Allerdings müsse der nächste Schritt mutiger ausfallen als bisher. Die bisherigen Shuttle-Projekte seien durch zahlreiche Vorgaben ausgebremst worden – etwa durch eine Höchstgeschwindigkeit von lediglich 18 Stundenkilometern. Für eine breite Akzeptanz brauche es künftig Realverkehr unter realistischen Bedingungen. Nur so könnten Erfahrungen gesammelt und Vertrauen geschaffen werden.

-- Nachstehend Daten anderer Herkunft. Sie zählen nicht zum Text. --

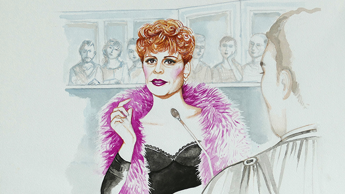 À la barre, se succèderont des personnages des sketches de Sylvie Joly comme autant de témoins à charge, des proches, des experts…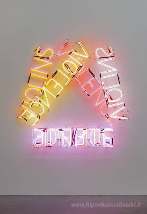 Ti offriamo una riproduzione artigianale su tela dell'opera famosa 'Violini Violenza Silenzio' di Bruce Nauman, dal Museo delle Riproduzioni.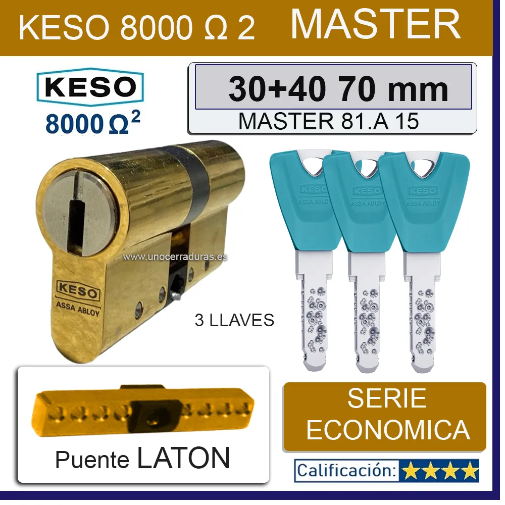 CILINDRO KESO 8000 Omega² 81.A15 MASTER 30+40:70mm ORO 3 Llaves

Beide Experten sehen deshalb jetzt den richtigen Zeitpunkt gekommen, die Kräfte zu bündeln. Politik, Wissenschaft, Wirtschaft, Kommunen und Mobilitätsanbieter müssten gemeinsam daran arbeiten, dass aus den bisherigen Projekten ein echter Standortvorteil wird. Mit ihrer wissenschaftlichen Kompetenz, den praktischen Erfahrungen aus Kronach und Bad Steben, der Expertise der HUK-COBURG und einem starken Netzwerk besitzt die Region dafür beste Voraussetzungen. Die Frage lautet deshalb nicht mehr, ob autonomes Fahren den ländlichen Raum verändern wird – sondern ob Oberfranken die Chance nutzt, diesen Wandel aktiv mitzugestalten.